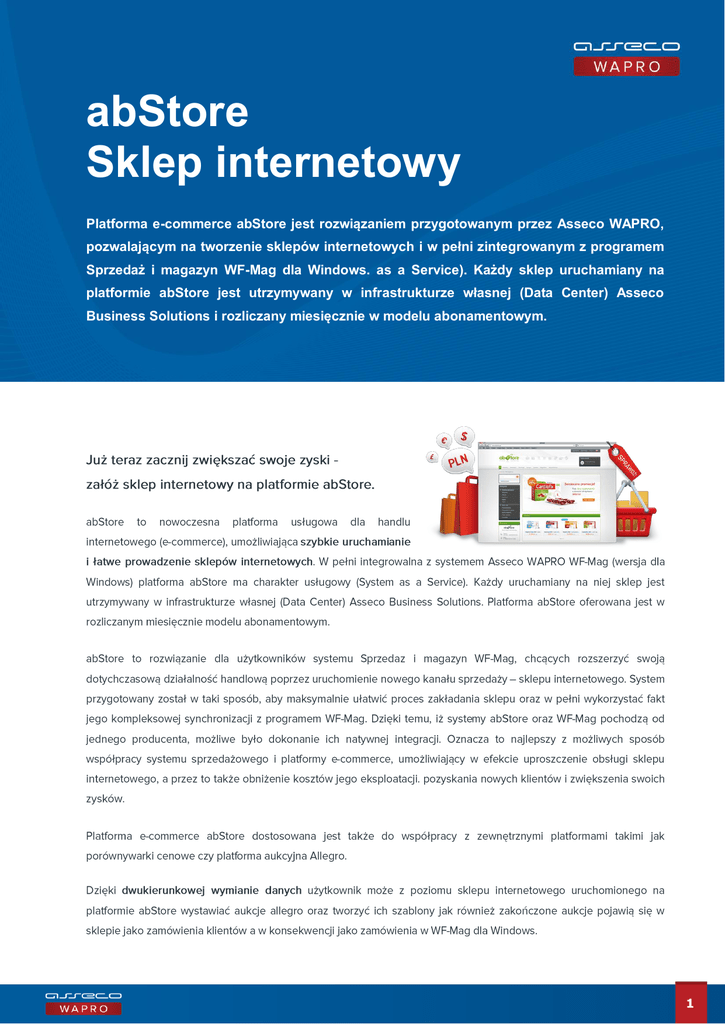 abStore Sklep internetowy abStore Sklep internetowy Platforma e-commerce abStore jest rozwiązaniem przygotowanym przez Asseco WAPRO, pozwalającym na tworzenie sklepów internetowych i w pełni zintegrowanym z programem Sprzedaż i magazyn WF-Mag dla Windows. as a Service). Każdy sklep uruchamiany na platformie abStore jest utrzymywany w infrastrukturze własnej (Data Center) Asseco Business Solutions i rozliczany miesięcznie w modelu abonamentowym. 1 abStore Sklep internetowy Możliwości o o o o o o o o o o o o o o o o o o o 2 abStore Sklep internetowy o o o o o o o o o o o o o 3
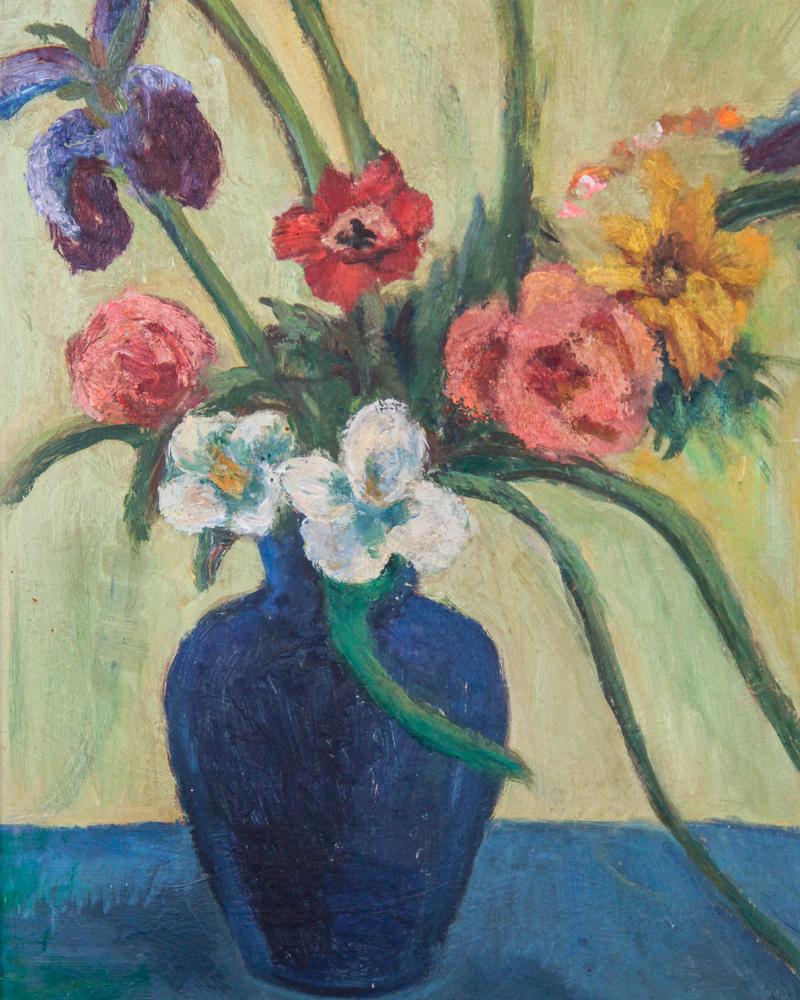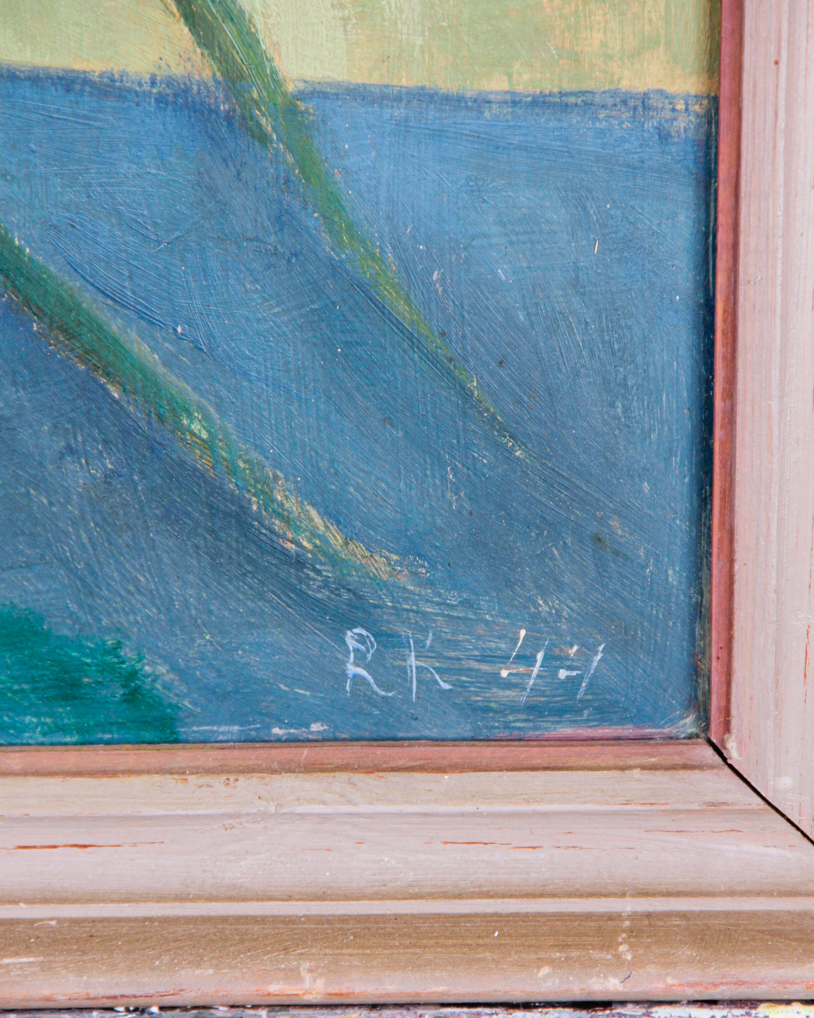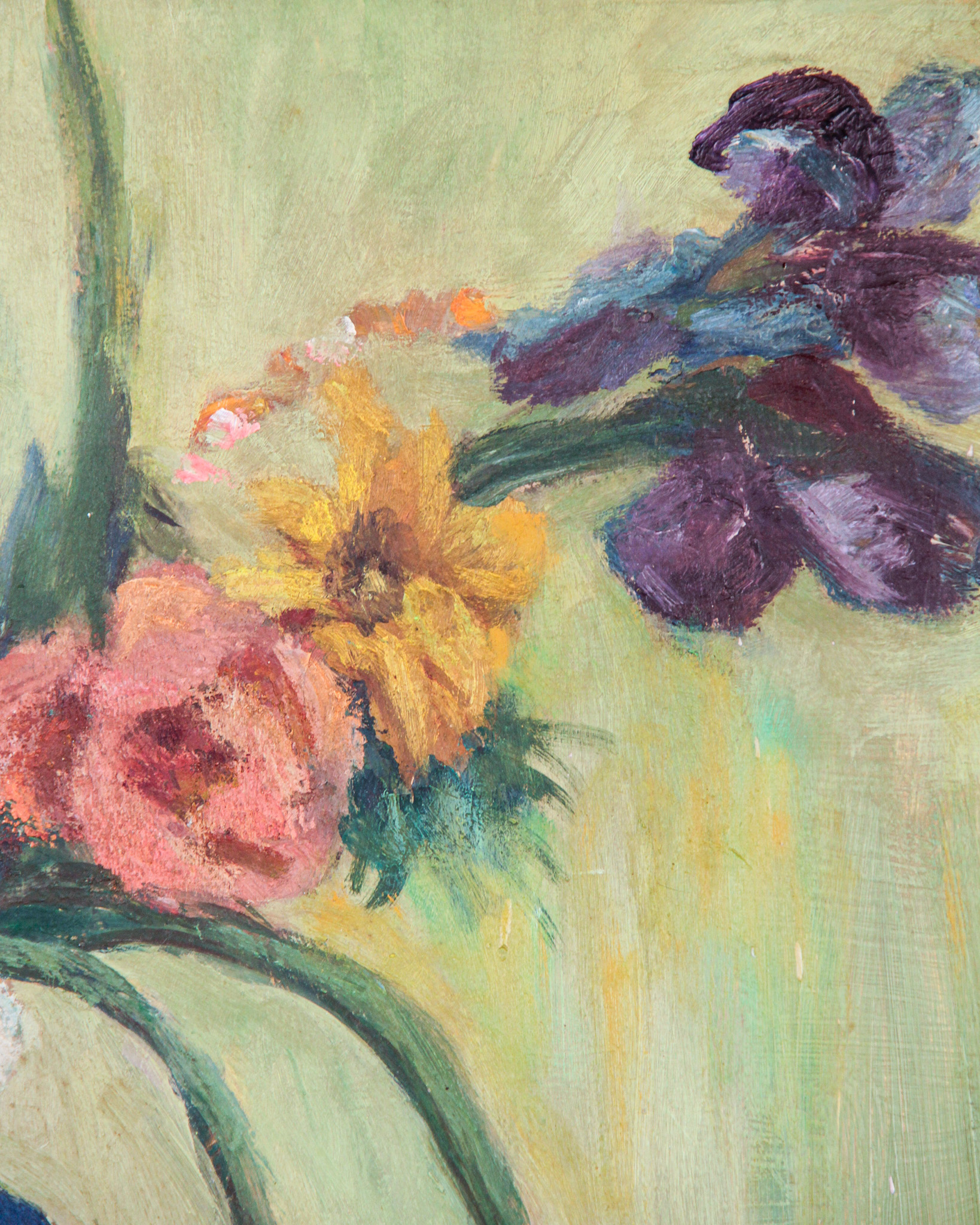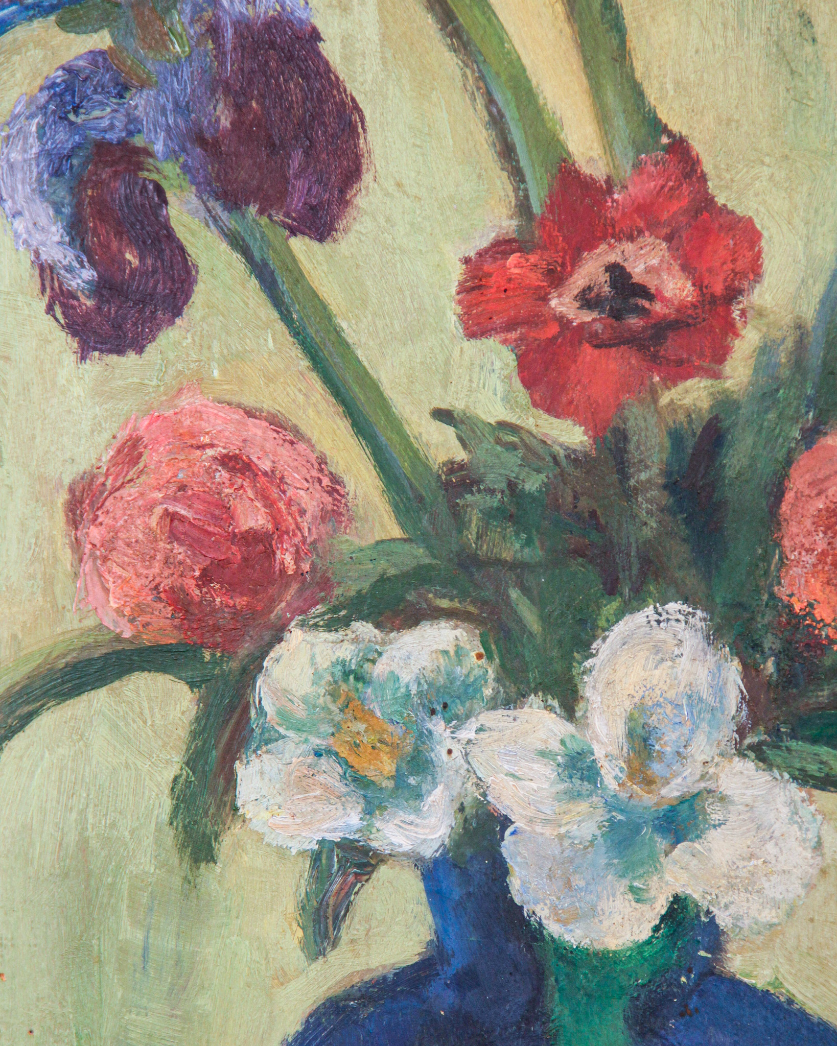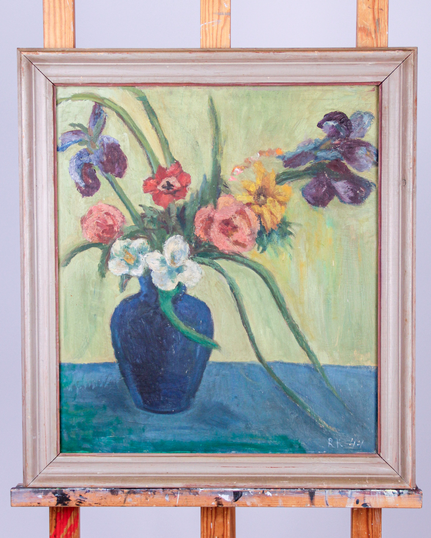 Olja på pannå, blomsterstilleben, signerad RK, daterad -44
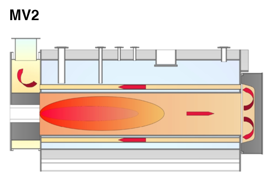 MV2: Két-huzamú, füstcsöves gőzkazán. Gőzteljesítmény: 300 - 4.000 kg/h, 15 bar nyomásig. Az MV2 típus telített és túlhevített gőz előállítására alkalmas.
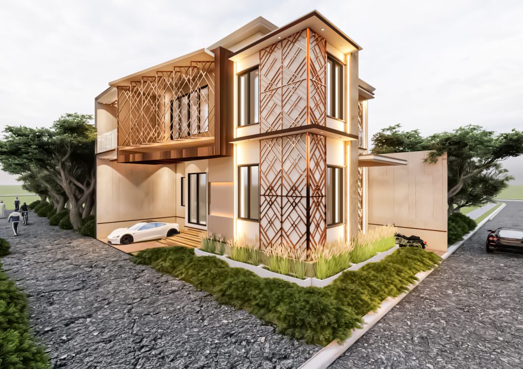 Desain Rumah 2 Lantai Ibu V, Bekasic. Desain > 200 M2, Desain Favorit DESAIN RUMAH IBU. V – BEKASI – LUAS 210/120 M2 – RUMAH 2 LANTAI – GAYA MODERN KONTEMPORER CARPORT; R. TAMU; R. KELUARGA; R. MAKAN; R. KERJA; DAPUR; 4 KAMAR TIDUR; 3 KAMAR MANDI; TAMAN BELAKANG; BALKON; AREA JEMUR;
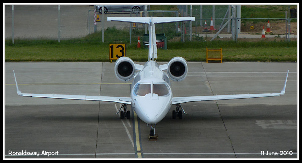 Head on view of Learjet 60 D-CSIX from the control tower balcony
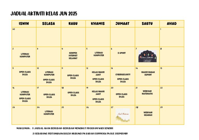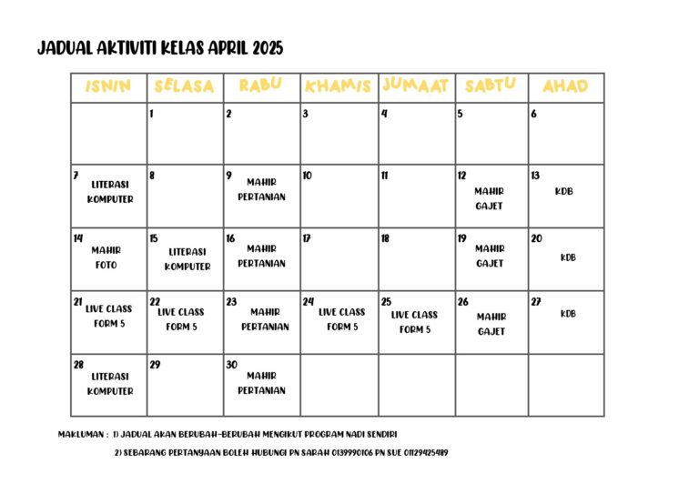Sebarang pertukaran atau pertambahan kelas tertakluk kepada Petugas NADI Kg Beruas
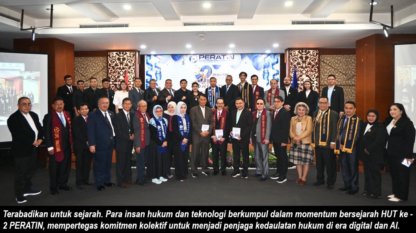 “Pada puncak acara HUT ke-2 PERATIN, kami tidak hanya mendapat sambutan tertulis, tetapi kehadiran langsung dari Staf Ahli Menteri Hukum RI, Dr. Sucipto, S.H., M.H., M.Kn., yang dalam sambutannya menyatakan ‘Kami dari Kementerian Hukum RI mendukung penuh keberadaan PERATIN’,” jelas Hoky, sapaan akrabnya yang juga menjabat sebagai Ketum APTIKNAS, Ketum APKOMINDO, Penasihat FORMAS, Waketum SPRI, Ketua Dewan Pengarah LSP Pers Indonesia, Pengurus FBN RI, dan Ketua Dewan Pengawas AGKDI, serta Pendiri Mustika Raja Law Office.
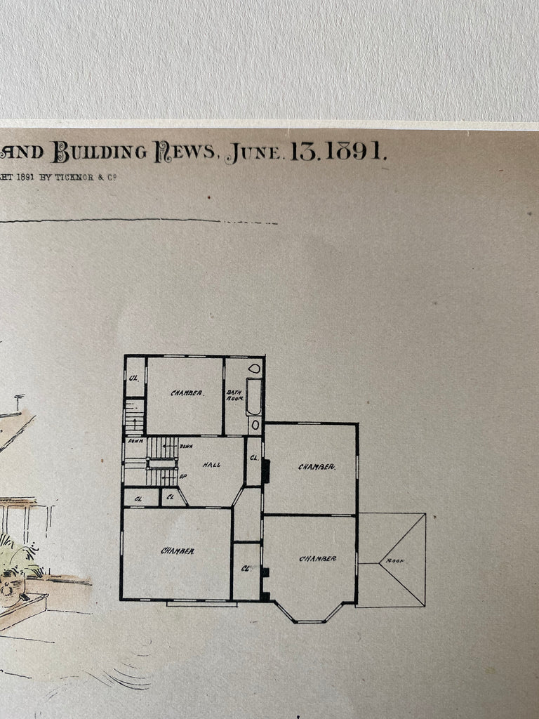 A Beautifully Detailed, Original Plan of the House at Ridgefield, New Jersey. HAND COLORED F W Beall, Architect(s). From the American Architect and Building News, June 13, 1891.

What is required
The range to set down runs from the line containing "Sebarang pertukaran atau" through the final line of the data, both ends included; give it exactly and drop the pictures.

Answer to the problem
Sebarang pertukaran atau pertambahan kelas tertakluk kepada Petugas NADI Kg Beruas
 “Pada puncak acara HUT ke-2 PERATIN, kami tidak hanya mendapat sambutan tertulis, tetapi kehadiran langsung dari Staf Ahli Menteri Hukum RI, Dr. Sucipto, S.H., M.H., M.Kn., yang dalam sambutannya menyatakan ‘Kami dari Kementerian Hukum RI mendukung penuh keberadaan PERATIN’,” jelas Hoky, sapaan akrabnya yang juga menjabat sebagai Ketum APTIKNAS, Ketum APKOMINDO, Penasihat FORMAS, Waketum SPRI, Ketua Dewan Pengarah LSP Pers Indonesia, Pengurus FBN RI, dan Ketua Dewan Pengawas AGKDI, serta Pendiri Mustika Raja Law Office.
 A Beautifully Detailed, Original Plan of the House at Ridgefield, New Jersey. HAND COLORED F W Beall, Architect(s). From the American Architect and Building News, June 13, 1891.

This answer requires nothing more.